USB Insert - 1.Xmm.stl
This is just a simple insert that goes around the USB plug and covers the surrounding hole to make it look cleaner and possible keep out debris... due to possible differences between boards, it's designed to hook around the board/port, and "float" over the opening in the case
Because of differences in USB cables... you may have problems with certain cables not plugging in all the way with this insert
Designed in 3 different thicknesses (between the "face" of the USB port and the inside of the case), to hopefully account for different USB ports and mounting distances... for my boards, the 1.8mm size was the right fit

Buttons_0.6mm_nozzle.stl
This is a simple remix of the buttons thekwijibo made, because his design was too fine to work with the 6mm nozzle I have in my printer. This design should also print fine on smaller nozzles

Buttons_0.6mm_nozzle_short.stl
Same as above, but I also shortened the buttons down, so they sit flush with the case. These buttons are much harder to find just by touch (if you have this need, you could remix the buttons with some texture on top to help with this), but they are plenty easy to press even though they are flush with the case.
The original button height makes the buttons easier to press (especially if you're wearing gloves, or trying to operate blindly), but the buttons also stand so proud that you can press them just by setting the radio down on the "bottom" of the case.
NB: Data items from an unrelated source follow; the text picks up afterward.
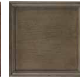
79: Stone (L) Very clean grey-beige finish that reads through to the beauty of the wood grain beneath.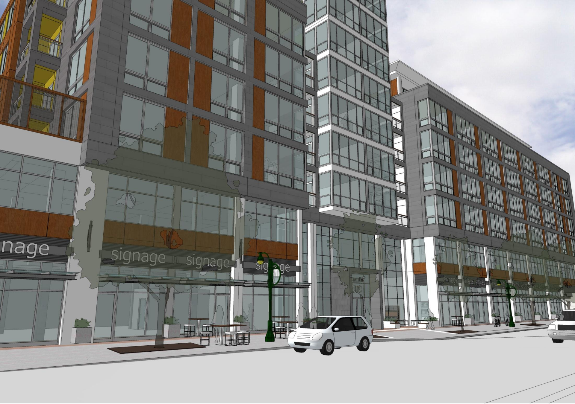
johnson street perspective - proposed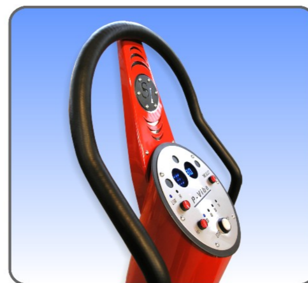
User Friendly Control Panel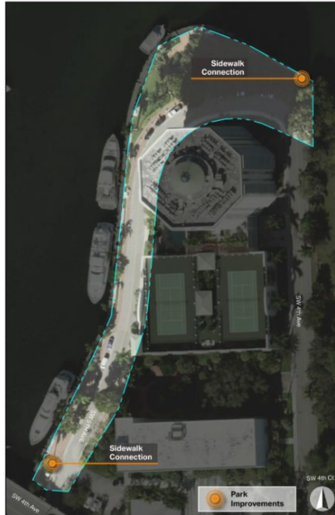
Marshall's Point Park - Proposed Improvements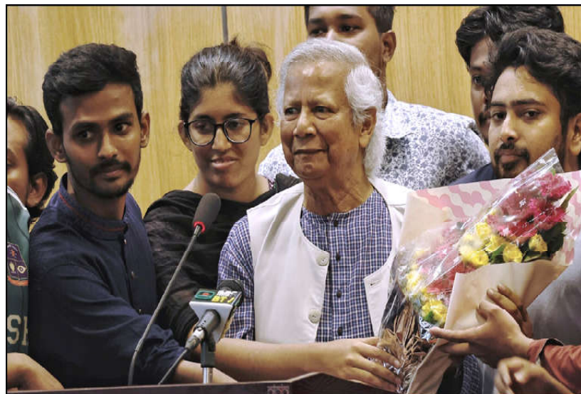
Nobel laureate Muhammad Yunus is pictured during a press briefing, as he arrives at the Hazarat Shahjalal International Airport, in Dhaka.

That operation led to bombardment of Gaza by Israel and the deaths of almost 40,000 people, mostly civilians. In addition to issuing regular statements condemning civilian deaths in Gaza, OIC leaders gathered with their counterparts from the Arab League in November for a summit that condemned Israeli forces' barbaric actions in Gaza.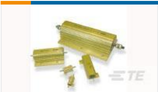
TE Part #2-1676625-4 HSA25 34R 5%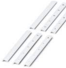
Zack Marker strip, flat, Strip, white, Unlabeled, Can be labeled with: Plotter, Mounting type: Snap into flat marker groove, Lettering field: 15 x 5.2 mm

Please be informed that the data shown in this PDF Document is generated from our Online Catalog. Please find the complete data in the user's documentation. Our General Terms of Use for Downloads are valid ( http://download.phoenixcontact.com )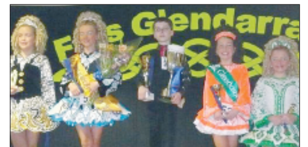
■ Under 12 Championship

The feis ran over two days and incorporated the grades, Preliminary and Open Championships with high entry numbers in all age groups.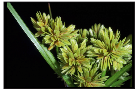
Figure 6. Flowers of tall umbrella sedge (shown here) are dense and headlike in contrast to the looser flowers of nutsedge. Plants also lack tubers and are taller and have wider leaves than the nutsedges.

The best way to remove small plants is to pull them up by hand or to hand hoe. If you hoe, be sure to dig down at least 8 to 14 inches to remove the entire plant. Using a tiller to destroy mature plants only will spread the infestation,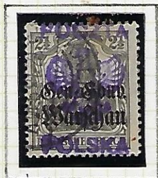
2 1/2 f grey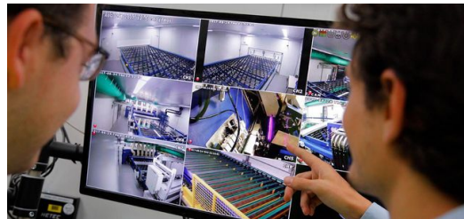
Heating the glass coating very briefly to a high temperature is an essential part of the hardening process. The glass experts at Saint-Gobain spent five years working on their rapid thermal processing method.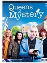
Queens of Mystery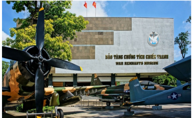
(Image: 1. Notre Dame Cathedral, 2. War Remnants Museum – Ho Chi Minh – Vietnam)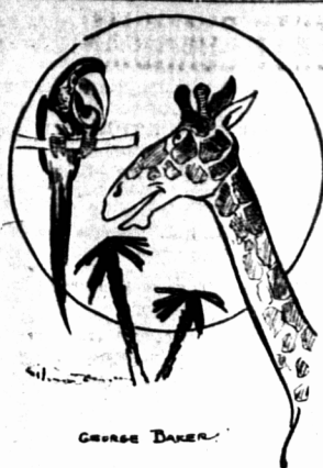
ALL THAT WAS NECESSARY.

The Cockatoo—But I don't see how you ever manage to swallow all that distance. The Giraffe—Oh, I don't bother about swallowing. I trust entirely to the law of gravitation.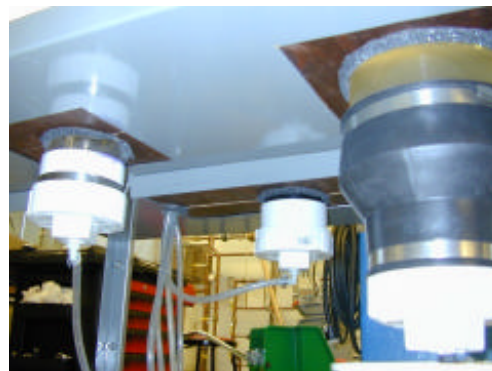
Figure 6: Cart bottom shelf showing how columns are held laterally in place

The support system for the reactors underneath the cart bottom is illustrated in Figure 6.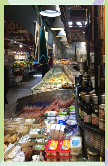
Inside the Public Market there is also a handful of places to buy lunch, or get the ingredients needed to make it.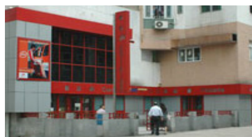
Post Office at Taipa Island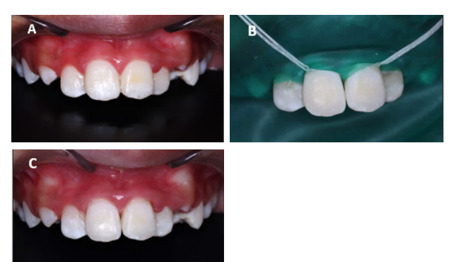
Figure 5 : (A) Pre-operative fluorosis on teeth 11 and 21 prior to RI (B) Rubber dam placement on teeth 11 and 21 (C) Post-operative after RI.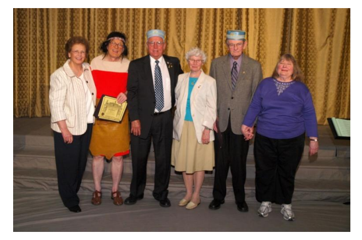
auditorium. Entertainment was a public presentation of

Reunion Dinner/Entertainment of the traditional banquet on Saturday night, the recently concluded Spring Reunion featured a Friday night roast beef dinner, followed by a presentation of 25 year pins/50 year hats and class recognition awards in the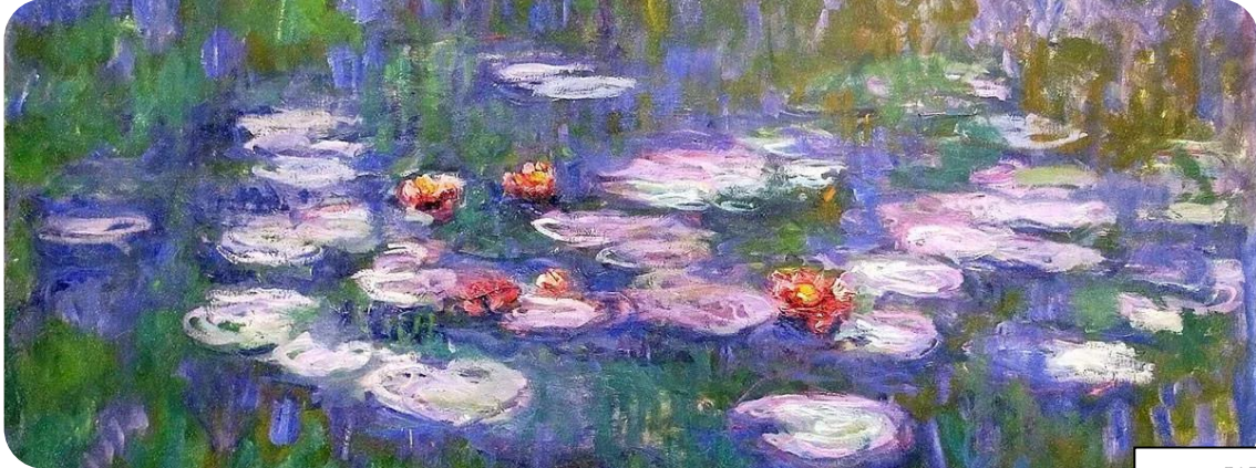
Water Lilies by, Claude Monet 1926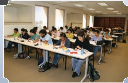
SCE Classroom at Anaheim Campus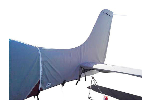
Cirrus SR20 Empennage Cover (covers tail boom, vertical and horizontal stabilizers)

WINTER USE MATERIAL - Made with Solution-Dyed Polyester fabric, this option is intended for seasonal use to aid in deicing, rain mitigation, or for occasional travel. The material is lighter and more compact, but more susceptible to UV damage and may have a shorter useful life if used continuously outside than the all-year use material.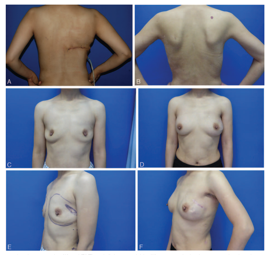
Figure 3. Patient 1. Postoperative view 5 months. (A) and (B) There is little appreciable difference on the back, compared to the other patient with a long donor-site scar who underwent the traditional latissimus dorsi flap harvesting technique for breast reconstruction. (C) and (D) The appearance of the breasts after reconstruction and cosmetic augmentation is better than that before the correction. (E) and (F) Scars of the 3 trocar ports along the anterior axillary line and posterior axillary line are barely noticeable.

Neither of the patients developed any complications related to the muscle flap such as flap loss, fat necrosis, seroma formation, or thermal injuries of the skin. Neither patient had scarring of the back or scarring in the axillary aspect, unlike other patients who develop significant scars on the back and axilla after LDMF transfer with the traditional method. The 3 ports created for the trocars along the anterior axillary and posterior axillary lines were barely noticeable, and both the patients and the medical staff found that the appearance of the breast in terms of shape, size, and symmetry was satisfactory (Figs. 3 and 4).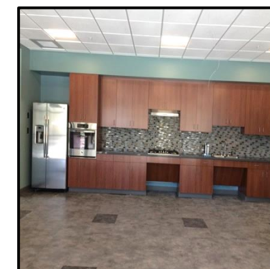
Millwork Installed & Breakroom Complete.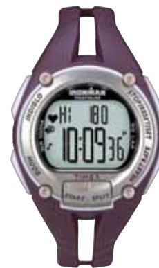
T5K213 • $299.00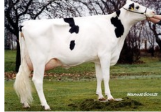
KNS Daylight EX-90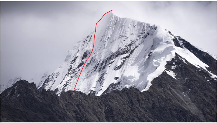
The top half of Good-bye Happiness on the northwest face of Daddomain West. The west ridge, on the right, was partially followed by New Zealanders in 2004 to make the first ascent of Daddomain (hidden beyond the top of Daddomain West).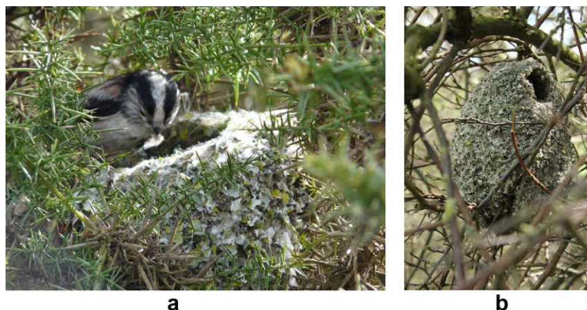
Figure 3. Nests created by long-tailed tits ( Aegithalos caudatus ), Great Britain. Long-tailed tits build their nests from thousands of pieces of lichen, moss, and spiderweb, as well as numerous feathers. The nests are thought to be a result of innate instructions and individual learning. Photograph A shows a nest under construction, while photograph B shows a completed nest. (Color figure can be viewed in the online issue, which is available at wileyonlinelibrary.com .)

were the case, Kenward and colleagues 103:1340 contend, we would not see “inherited action patterns that must have evolved through selection and that are crucial in sustaining tool-oriented behavior in adult crows.” The same point has been made with respect to the tool-use behavior of hyacinth macaws, Egyptian vultures, and woodpecker finches, the only other bird species that is known to habitually use stick tools in the wild. 104–106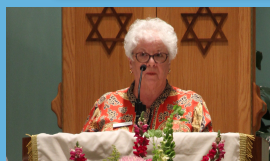
FROM OUR PRESIDENT PAGE 8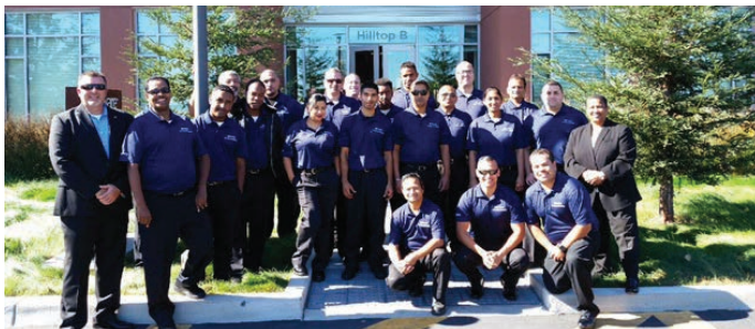
G4S Secure Solutions Team

San Jose, CA: G4S was happy to be of service to our international software company customer at their annual Halloween concert. Each year, the company hosts a Halloween concert event for all staff, family and friends. This is the second year G4S has been invited to provide security for their big event. Last year's event featured Ariana Grande and this year the headliner was Billboard star Nick Jonas. With 10,000 guests in attendance, G4S staff provided security at the entry gates, assisted with customer service and ensured a safe and secure environment for concert goers.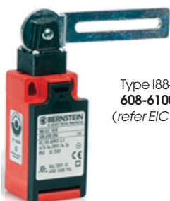
Type I88-VKW 608-6100-094 (refer EIC - POA)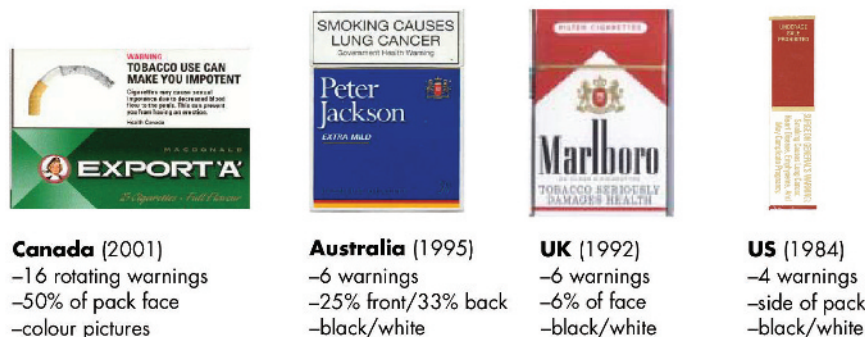
Figure 1 Cigarette package warning labels of the four countries (Canada, Australia, United Kingdom, United States) participating in the International Tobacco Four Country Survey (as of 2002).

first warning labels in 1972. 28 Cross-sectional surveys conducted in Canada during the 1990s found that the majority of smokers reported that package warning labels are an important source of health information and have increased their awareness of the risks of smoking. 11, 29 In Australia, Borland 30 found that, relative to non-smokers, smokers demonstrated an increase in their knowledge of the main constituents of tobacco smoke and identified significantly more disease groups following the introduction of new Australian warning labels in 1995. However, considering the importance of health warnings among tobacco control policies, there is a need for additional research. In particular, there is a need for research that can help policymakers to choose the size and general strength of health warnings from within the general recommendations outlined in the FTC.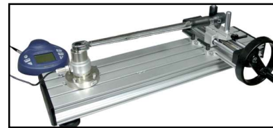
Testing TTC with External Sensor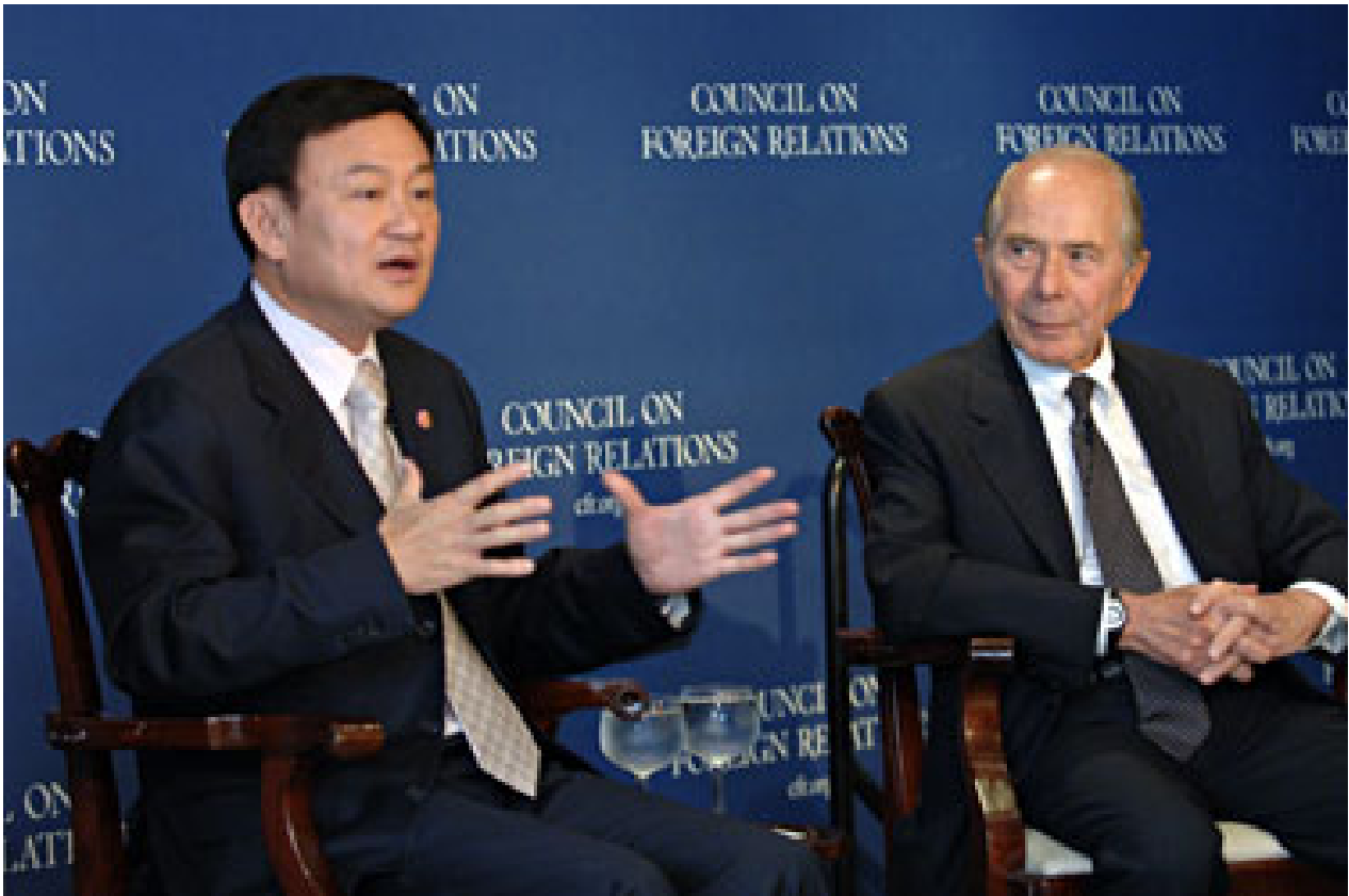
Photo: Deposed autocrat, Thaksin Shinawatra before the CFR on the eve of the 2006 military coup that would oust him from power. Since 2006 he has had the full, unflinching support of Washington, Wall Street and their immense propaganda machine in his bid to seize back power.

The council in 2004 included 3M, war profiteering Bechtel, Boeing, Cargill, Citigroup, General Electric, IBM, the notorious Monsanto, and currently also includes banking houses Goldman Sachs and JP Morgan, Lockheed Martin, Raytheon, Chevron, Exxon, BP, Glaxo Smith Kline, Merck, Northrop Grumman, Monsanto's GMO doppelganger Syngenta, as well as Phillip Morris.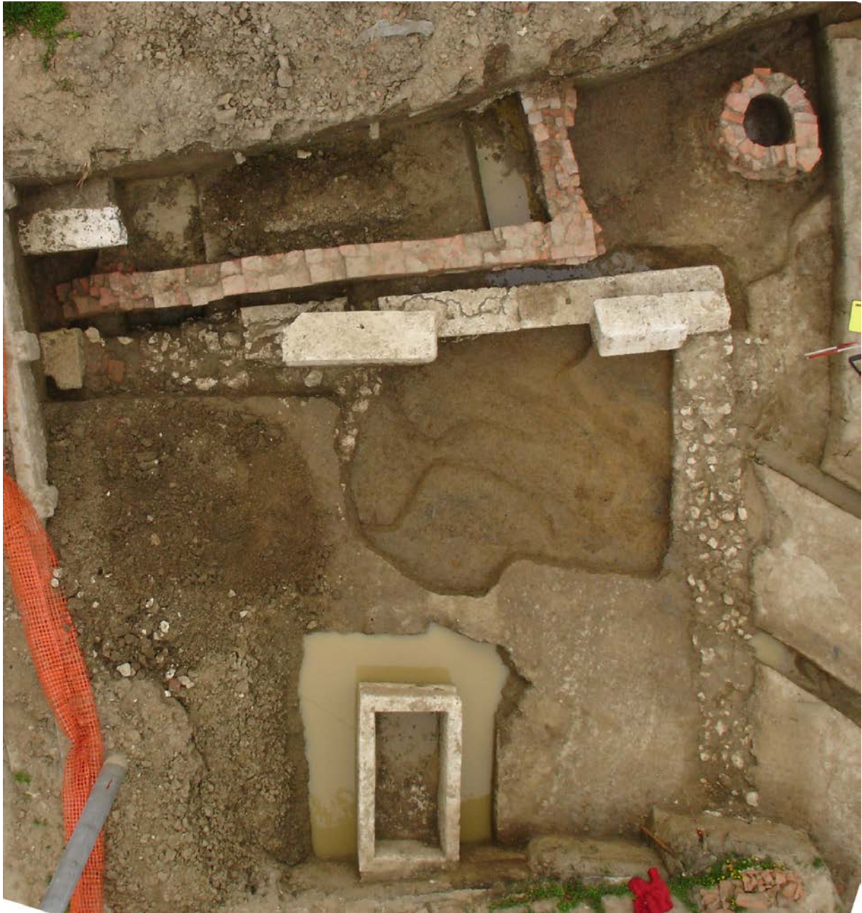
FIG 12 The roman necropolis in Gundulićeva Street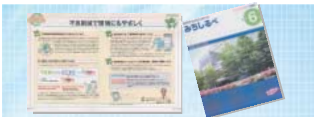
In-house journal "Michishirube"

At the ROHM Head Office, the in-house journal Michishirube (meaning "guidepost") has published monthly issues since the company was established. The magazine contains articles about current environmental issues and activities. Each Group company also publishes its own in-house journal to facilitate environmental communication within the company.

The rest of the files included are unchanged from the original design. I beleive "Case.stl" and "096_Body.stl" are largely the same, with just a difference in screen size. For my radios, I printed "Case.stl", since that matched the naming convention of "Lid.stl", all the images you see of my radios in this design are using the "Case.stl" model.
General note, when printing PETG, I've noticed vertical holes seem to "shrink" more than PLA (in this model, it can play a factor in the button and antenna holes, which I have not modified at all from thekwijibo's original model). I suspect this is due to PETG being higher temp and also slightly more elastic than PLA, so when it's printing around a hole, it's basically stretching a molten rubber band around the edge, which winds up pulling itself in further... I believe lowering the temp or slowing the speed might help with this, but I haven't messed with it enough to really say for sure.